Surprise for shopping malls in South Africa – but there’s trouble ahead
Vacancy rates in South Africa’s retail spaces are declining – but weak economic growth and high interest rates will cause these improvements to stall.
According to the Q1 2024 FNB Property Broker Survey, the aggregated response showed that vacancy rates in all three commercial property classes—office, Industrial, and Retail—dropped.
“This is interesting because it points to business sector expansions at a time when the economy has been coming under significant pressure from a combination of a slower global economy and significantly higher interest rates compared to just over a year ago,” said FNB Property Strategist John Loos.
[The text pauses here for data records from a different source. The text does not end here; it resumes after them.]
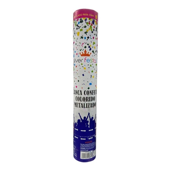 Material: tubo de papel, confetes metalizados, ar comprimido e mecanismo de ferro
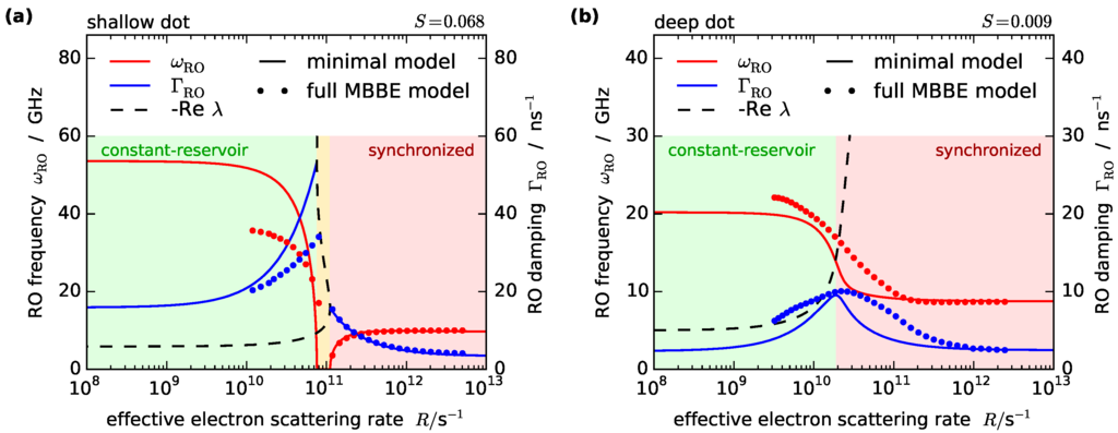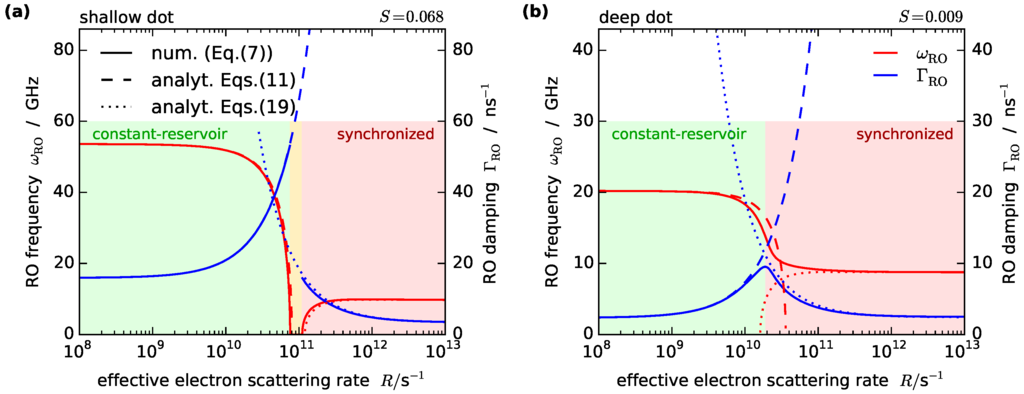In terms of the scattering-rate dependence of the eigenvalues, the two QD structures reveal qualitative different behaviors, as shown in Figure 1. The shallow dot shows pronounced ROs () for slow scattering (constant-reservoir regime), which become increasingly dampened until they disappear in the overdamped regime around s . For even higher scattering (synchronized regime), pronounced slower ROs reappear. The deep-dot structure, on the other hand, reveals a smooth transition between the fast oscillations in the constant-reservoir regime to the slower oscillations in the synchronized regime, with a less pronounced peak in the damping in between.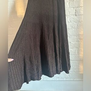 This v-neck sweater dress is knitted from our Sculpted high-stretch yarn--one we love for its contouring effect that lays smoothly against the skin. Here, we employ it in a sunburst pattern of ribbed stitches that drape into elegant folds, revealing flashes of metallic panels at the hem.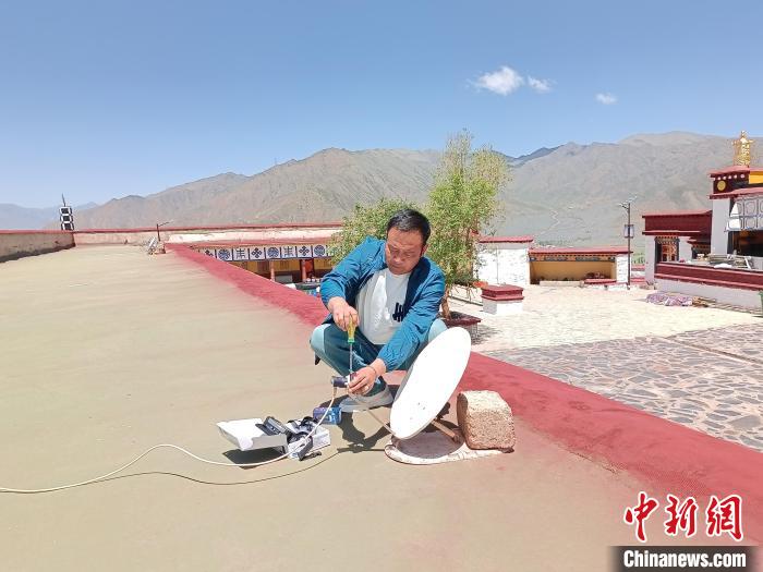 圖為工作人員正在安裝直播衛(wèi)星戶(hù)戶(hù)通設(shè)備。達(dá)孜區(qū)委宣傳部供圖

“Economic growth slowed to 0.6% in 2023, from 1.9% in 2022. But while there is the issue of renewed economic growth slowdown last year, along with higher interest rates, working against these negatives has been the lagged positive effect of a normalisation of economic life after Covid-19 lockdowns.”
The improvement in vacancy rates could be partially due to the positive normalisation feeding through into the numbers.
The Industrial Sector’s Index for Direction of Change in Vacancy Rate returned a negative value of -51, implying that 51% of respondents reported a declining vacancy rate compared with those who saw an increase.
The Retail Property Sector’s Index level also remained in negative (improving) territory.
It recorded a -65 reading, a mild lessening from Q4 2023’s -76, which still reflects a very significant broker perception of declining retail vacancy rates.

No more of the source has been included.